Il faut dire aussi qu'ils bénéficient de la mise en images tout aussi premier degré et sérieuse de
Paul Gulacy. le lecteur dénote toujours chez lui l'influence marquante de
Jim Steranko pour les postures des personnages et l'utilisation des aplats de noir. Gulacy a le souci du détail et du photoréalisme. Ce choix graphique renforce l'impression de plausibilité des évènements, l'absence d'ironie, et l'entière implication des 4 agents spéciaux chargés de cette mission délirante dans le passé. Afin de parfaire la minutie des dessins, l'encrage du Gulacy est renforcé par Charles Yoakum qui l'aide dans cette tâche. Dès la première page, le visage de l'agent Werner Platz impressionne par son intensité et par son costume impeccable. La case suivante montrant la progression d'un petit groupe mené par Platz dans un tunnel de métro plonge le lecteur dans la noirceur du lieu, tout en faisant ressortir les briques de la maçonnerie. La scène de signature du divorce se déroule dans le hall monumental d'un hôtel de luxe. Gulacy sait évoquer l'ambiance d'un James Bond quand celui-ci déambule dans un lieu réservé à l'élite des nantis. Tout du long, le lecteur a l'impression d'assister au visionnage d'un film d'action à gros budget. À un moment une épidémie fulgurante transforme les civils en cadavres, Gulacy est maître des effets spéciaux de maquillage pour montrer les pustules déversant leurs humeurs. Un agent a revêtu une combinaison de protection contre la contamination biologique et Gulacy offre une case où l'on voit la tête de ce monsieur sous la combinaison avec une expression d'horreur aussi naturelle qu'effroyable. Les illustrations sont aussi efficaces pour les scènes de dialogue que pour les scènes d'action.
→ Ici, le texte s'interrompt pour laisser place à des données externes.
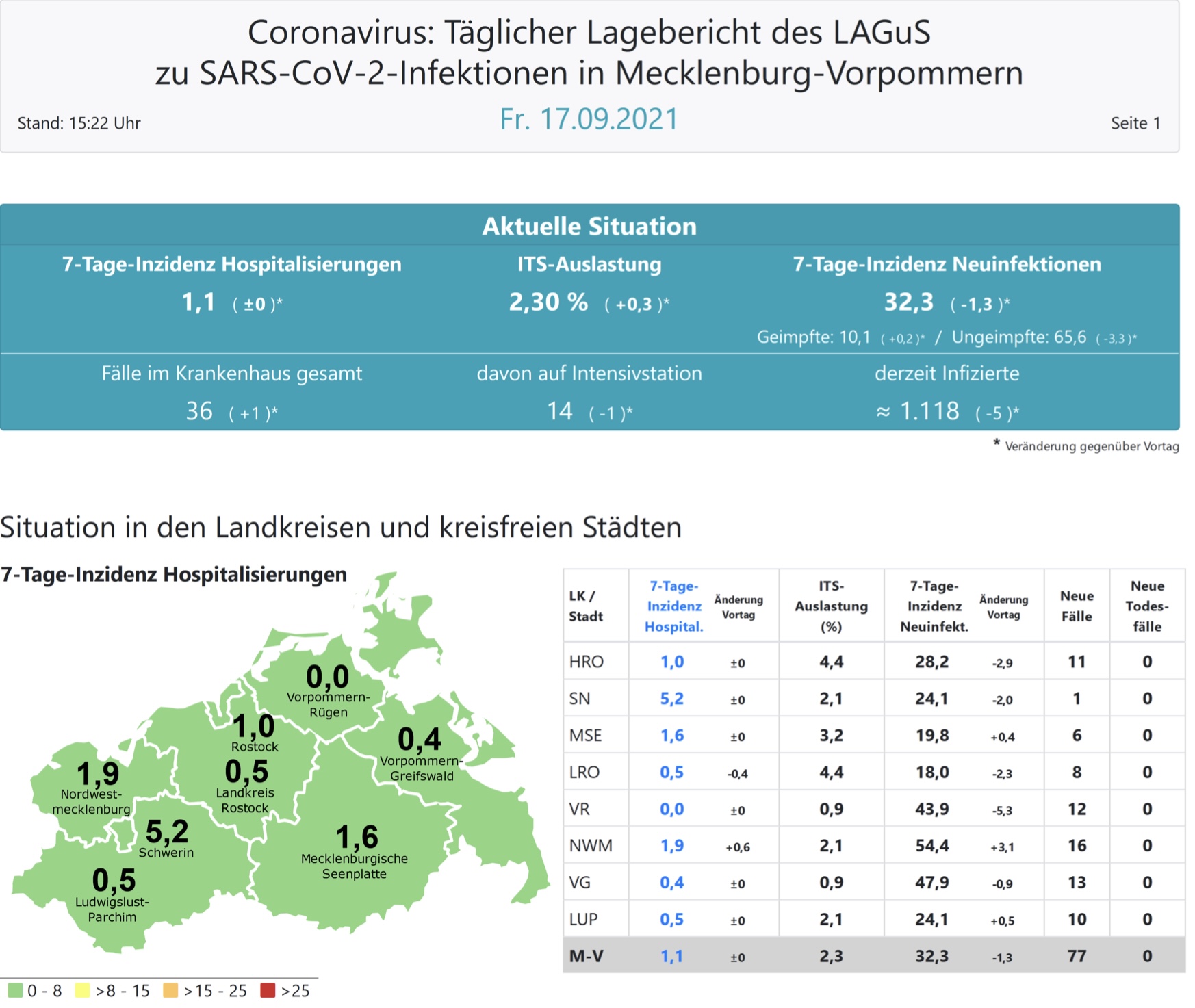 Die Hospitalisierung in ganz Mecklenburg-Vorpommern wird heute mit 1,1 angegeben. Das Land Mecklenburg-Vorpommern meldet heute 77 Neuinfektionen und keinen neuen Todesfall. Den höchsten Hospitalisierungswert hat die Stadt Schwerin mit 5,2.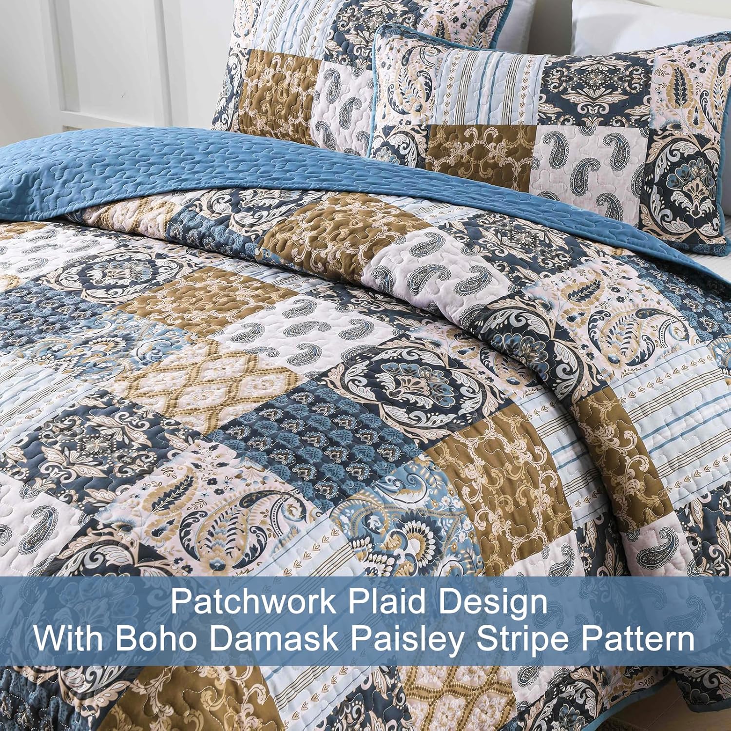 • PATCHWORK BOHO QUILT SET: The boho bedspread queen size bedding set featuring a patchwork plaid design. Combined with bohemian stripe damask and paisley pattern gives this bedspread coverlet a elegant atmosphere.
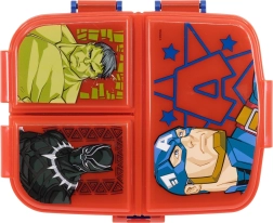 Obedový box Avengers je vyrobený z odolného plastu, vďaka čomu vydrží nárazy a bežné opotrebovanie. Dve poschodia umožňujú pestrejšie usporiadanie pokrmov, kde hlavná komora je určená pre väčšie jedlá, zatiaľ čo horné poschodie poskytuje tri samostatné priehradky pre menšie pochutiny.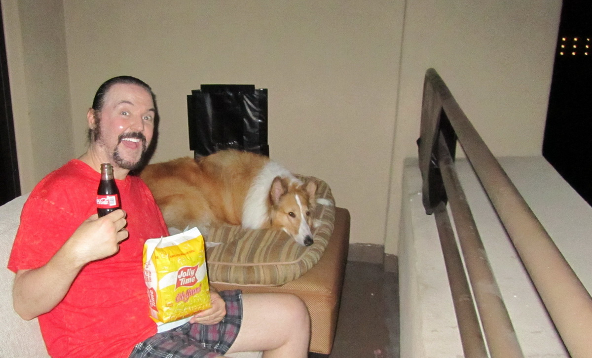 Wednesday the 25th – PM? AM? WHAT’S THE DIFFERENCE? – Roxy had to go out around 11am, so I got up and took her outside.  When I got back to my room it was about 11:15.  I saw the little menu/door hanger thingie on the door knob, so I figured I’d order breakfast.  The door hanger said “BREAKFAST SERVED 7:00am to 11:00pm.”  GREAT!  They serve breakfast all day!  I called Room Service and ordered.  But the girl on the other end said that they stopped serving at 11am.  I told her their menu clearly said 11pm.  She was surprised and agreed to make the breakfast anyway.  Nice!  All this time their menu was printed erroneously and nobody noticed but me???!!  The lovely Tamara brought the breakfast to me and I thanked her profusely.  I also gave her the door hanger thingie and she agreed to take it to her manager to show them the mistake.  I went back to bed and slept until about 3:30.  Then I lounged around for a bit and waited for it to cool off.  Right around the time the sun set behind Mount Abe (the mountain that looks like the profile of Abraham Lincoln that’s right outside my hotel room) Roxy and I went to the Palm Springs dog park.  What fun!  Roxy ran herself ragged!  We got back to the room and then walked to Ruby’s to have dinner on the patio.  It was an absolutely perfect, clear night!  I picked up a cigar at Fame, bought some candy and soda at Rocket Fizz and headed to Lappert’s Ice Cream to get my traditional Dole Whip.  But when I got there at 9:32 they had already closed!  WHAT?  I thought they were open until 10?  Who closes at 9:30?  I can see 9, or even 10, but 9:30?!  Ch-ch-ch-changes!  Oh the cruelty!  No Dole Whip for me!  Roxy and I got back to the room and we both crashed for a few hours.  Figuring I had until 1:30am to get a pizza at NYPD Pizza across the street I sauntered over around 1am.  But they had stopped making pizzas and were only offering slices!  OH NO!  Missed it again!  Ch-ch-ch-changes!  So I headed back to the hotel lobby to weigh my options.  It was then a guest came in and complained of chest pains and a tingling left arm.  Esther behind the desk called 911 and got paramedics over immediately.  He was a young guy too, but said he was sleeping and woke up with the common symptoms of a heart attack!  A guy named Will and his girlfriend came into check into the hotel and he and I started chatting.  He was a former Marine and he and his girlfriend were in town for some fashion show.  What a great guy!  He enjoyed petting Roxy for a long time.   At that point I had no other option than to go upstairs and reheat my buffalo chicken strips in my microwave oven and get ready to stargaze.  It was a clear night so the stars were bright and present.  I even got to watch Jupiter set behind Mount Abe.  Around dawn I went to bed.
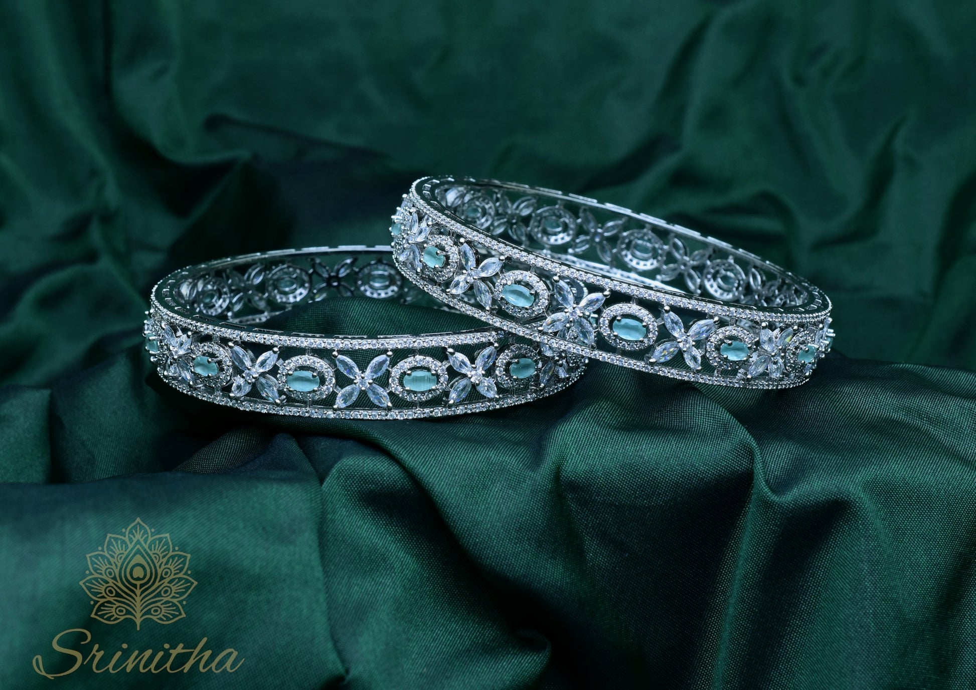 Full Description: From the Bhūṣaṇa Collection, Neelaraaga is a graceful ode to tranquillity. These bangles bring together seafoam green oval stones and sparkling CZ petals in a flowing, symmetrical design. The soft green hue carries a touch of freshness — like still waters under early light — while the detailed setting adds timeless sophistication.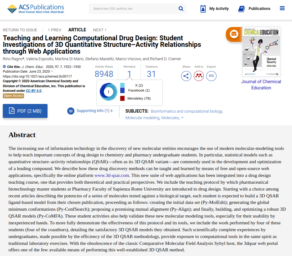 Development of scientific web sites. 3d-qsar.com is a web site that allow tobuild ligand-based and structure-based models from as low data as SMILES and biological activities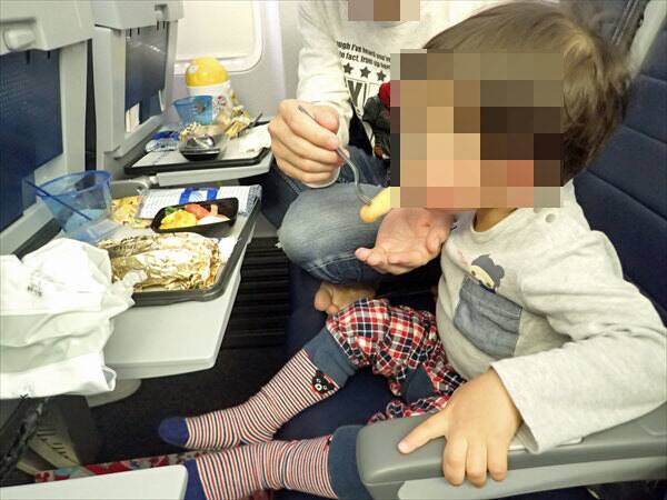 親は食事が終わった後でしたからゆっくりと子供に機内食を食べさせることができました。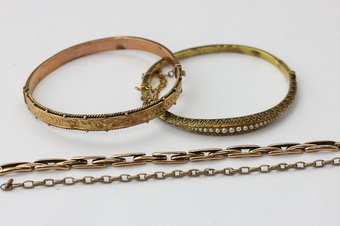 A 9ct gold bangle, a gold and split pearl bangle, and two gold chains, 21.4g gross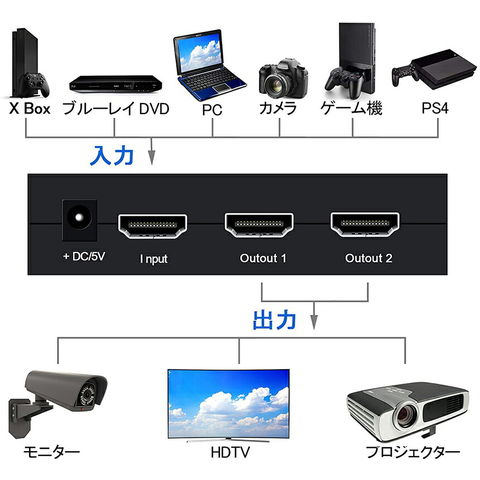 HDMI出力端子付きプレーヤー(PC、TV BOX、Blue Ray DVDプレイヤー、PS3、PS4、Xbox360)の映像と音声信号を、2台のHDMI搭載液晶テレビ/モニタ/ディスプレイに出力可能な分配器です.最大3.4Gbps/340MHzの帯域に対応し会議室、教育現場、展示会、ご家庭のリビングなど、いろいろなところでご使用いただけます.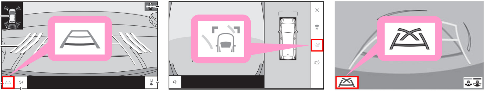 シフトポジションをRにし、バックモニターを表示した状態で、下図のボタンを操作してガイド線が表示されるかご確認ください。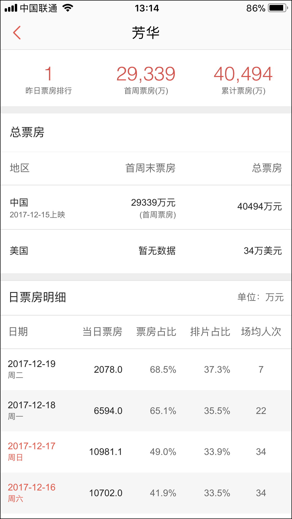 不過,二級市場方面,投資者對於《芳華》的票房預期反應平淡。截至12月18日收盤,華誼兄弟股價漲幅1.12%,收報9.05元/股。北京文化股價微跌0.56%,收報14.27元/股。單個明星、導演甚至單部電影對於公司業績產生決定性貢獻的可能性正在逐漸消失。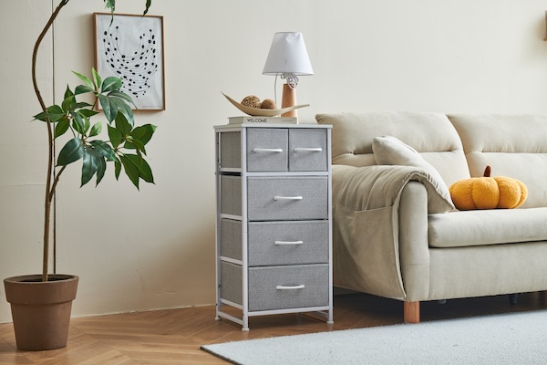 このチェストは、ベッドサイドやリビングなど限られたスペースでも使いやすいスリム設計に加え、布製引き出し、サイドポケット、フックなどの便利な機能を搭載した新発想の収納家具だ。デザイン性と収納力を両立させ、毎日の生活をより快適に整えることを目指した。
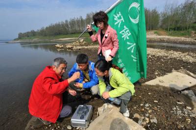 10月14日,”绿色汉江”环保志愿者第三小分队的志愿者在樊城太平店检测汉江水质。当天,”绿色汉江”环保志愿者第三小分队从汉江崔家营赶至丹江大坝,行程250多公里检测多断面的水质。

Gulacy pioche à la fois dans des postures iconiques, dans des détails technologiques de précision, et dans des mises en page qui coulent toutes seules. le soin apporté aux décors, aux vêtements et aux accessoires assure une immersion d'une grande intensité. La texture des vêtements indique tout de suite s'il s'agit du cuir des longs manteaux noirs des SS, ou de la toile grossière des uniformes des simples soldats. La mise en couleurs de Rain Beredo cultive les tonalités limitées pour les scènes sans effets spéciaux, elle déploie des couleurs plus vives maîtrisées dès qu'il y a une explosion ou des coups de feu.
Gray, Palmiotti et Gulacy ont créé une histoire d'aventure et d'anticipation exemplaire. Elle se lit d'une traite, sans baisse de régime, mais sans saccade, avec des rebondissements savoureux, et des images détaillées et précises qui permettent d'ancrer le récit dans un réalisme qui le rend crédible.